405 So. 2d 435 | Fla. Dist. Ct. App. | 1981
The hearing officer found that the appellant-licensees had not committed the offenses of which they were accused and concluded that the charges against them should be dismissed. On review, the Board of Real Estate nevertheless entered an order suspending their licenses for 90 days on the asserted ground that the facts found by the officer established violations of Section 475.25(l)(b), Florida Statutes (1979). Our analysis of the findings reveals that this determination was completely incorrect. See Waltman v. Florida Real Estate Commission, 254 So.2d 32 (Fla. 3d DCA 1971); Rivard v. McCoy, 212 So.2d 672 (Fla. 1st DCA 1968), cert. denied, 219 So.2d 703 (Fla. 1968); see generally, Pauline v. Borer, 274 So.2d 1, 3 (Fla.1973). The order below is therefore completely unsupported by the conclusions reached by the trier of fact and accordingly must be reversed. Section 120.-57(l)(b)(9), Florida Statutes (1979); Chakford v.
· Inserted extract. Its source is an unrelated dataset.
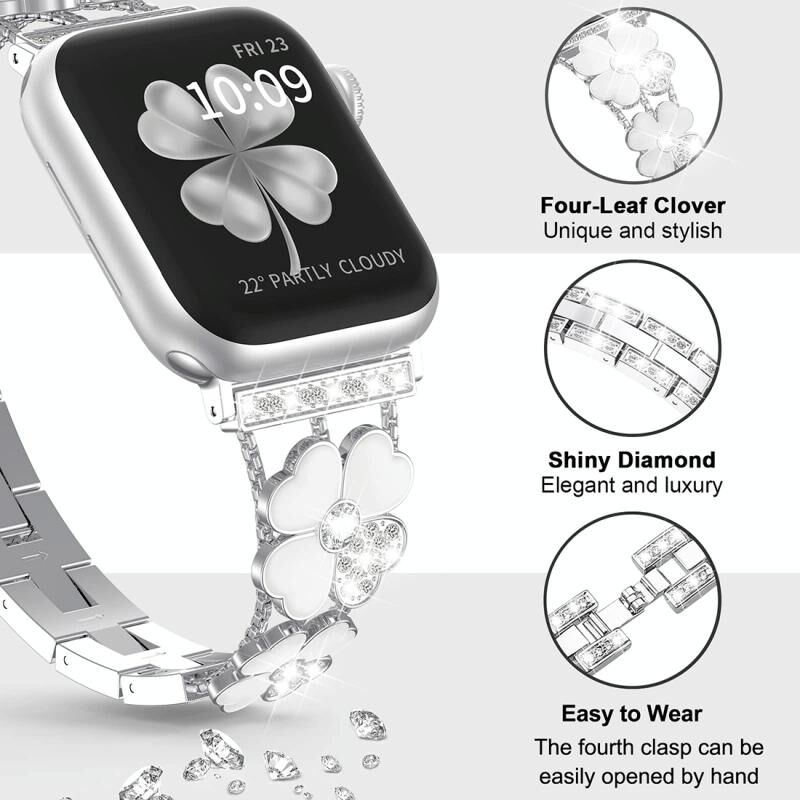 Για Apple Watch SE 2023 40mm Μεταλλικό Μπρατσέλι Diamond Petal (Μαύρο+Λευκό)

Strum, 87 So.2d 419 (Fla.1956); Gruman v. State, Department of Revenue, 379 So.2d 1313 (Fla. 2d DCA 1980). The cause is remanded with directions to dismiss the proceedings.
Reversed.
. Pursuant to the discretionary authority conferred by Section 120.57(l)(b)(9), Fla.Stat. (1979), we have awarded attorney’s fees to the appellants in the sum of $2,000.